The lesser amberjack (Seriola fasciata), also known as the false amberjack or little amberjack, is a species of ray-finned fish from the family Carangidae, the jacks and pompanos.

It occurs in the Atlantic Ocean. In the western Atlantic it ranges from Massachusetts in the north along the eastern Coast of the United States and into the Gulf of Mexico as far south as Tamaulipas. In the Caribbean Sea it is found off Cuba and Barbados and from Santa Marta, Colombia to Isla la Tortuga, Venezuela. It is also found around Bermuda. In the eastern Atlantic its distribution reaches north to Spain to Ghana as well as being found around the Canary Islands, Azores, Madeira and St Helena. Reported for the first time in 1993 in the Western Mediterranean Sea, it has now expanded eastwards from Sicily to the Levant.

It is a benthopelagic, predatory species, the adults feed on smaller fish and cephalopods.

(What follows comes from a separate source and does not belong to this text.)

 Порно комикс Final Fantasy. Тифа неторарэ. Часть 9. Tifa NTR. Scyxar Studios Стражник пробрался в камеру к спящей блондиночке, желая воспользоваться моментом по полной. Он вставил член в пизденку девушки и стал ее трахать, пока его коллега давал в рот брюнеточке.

The adults occur close to or on the bottom at depths of 55-130 m while the larger juveniles are pelagic or benthic in the waters of the continental shelf and the smaller juveniles are found in oceanic or offshore waters.

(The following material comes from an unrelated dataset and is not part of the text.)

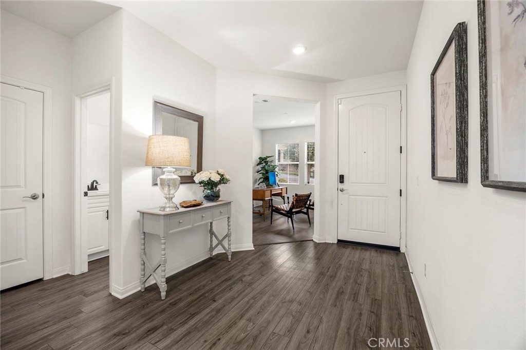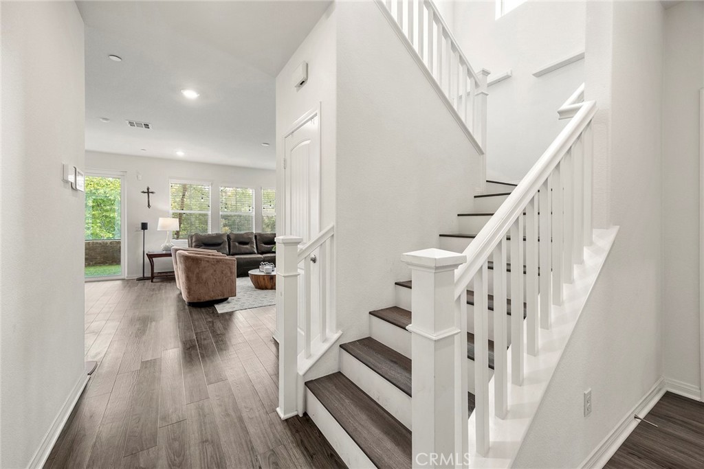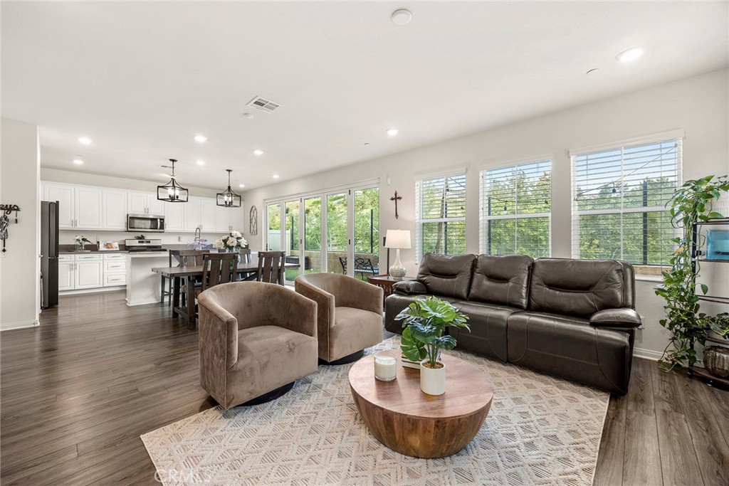 Welcome to Alton Drive, a charming two-story home designed to provide both comfort and flexibility. Your forever home features three bedrooms, along with a versatile downstairs room that can easily transform into a fourth bedroom, office, or workout space as needed. A paid-off solar system ensures ongoing energy savings and peace of mind for the homeowner. Inside, the family room provides a private view of the picturesque hills, creating a tranquil retreat for relaxation. Expansive pocket sliding glass doors open to blend indoor and outdoor living, making it effortless to host summer BBQs or special occasions with friends. These doors seamlessly tuck away, maximizing the connection to the patio and backyard. Mornings can begin with coffee on the patio, while evenings offer the perfect setting to unwind with a chilled beverage at sunset. Situated within the Terramor guard-gated community, this home is surrounded by amenities that foster a sense of togetherness among residents. Access to refreshing pools, relaxing spas, and cozy lounge areas creates opportunities for friendly gatherings. BBQ and picnic spots are available throughout the community, offering wonderful settings for sharing meals and making memories. Residents can also explore miles of walking and biking trails, connecting with nature and neighbors alike. The community includes dog parks, further enhancing outdoor enjoyment for pet owners. This is more than just a house - it is a place where you can truly belong.

The lesser amberjack has an olive green or brownish back with silver flanks. There is a dark stripe which runs from behind the eye to front of the first dorsal fin. Compared to the related greater amberjack, the lesser amberjack has a proportionately larger eye and a deeper body. The anal fin is around two-thirds the length of the second dorsal fin. The juveniles are marked with split or wavy transverse bars on their sides.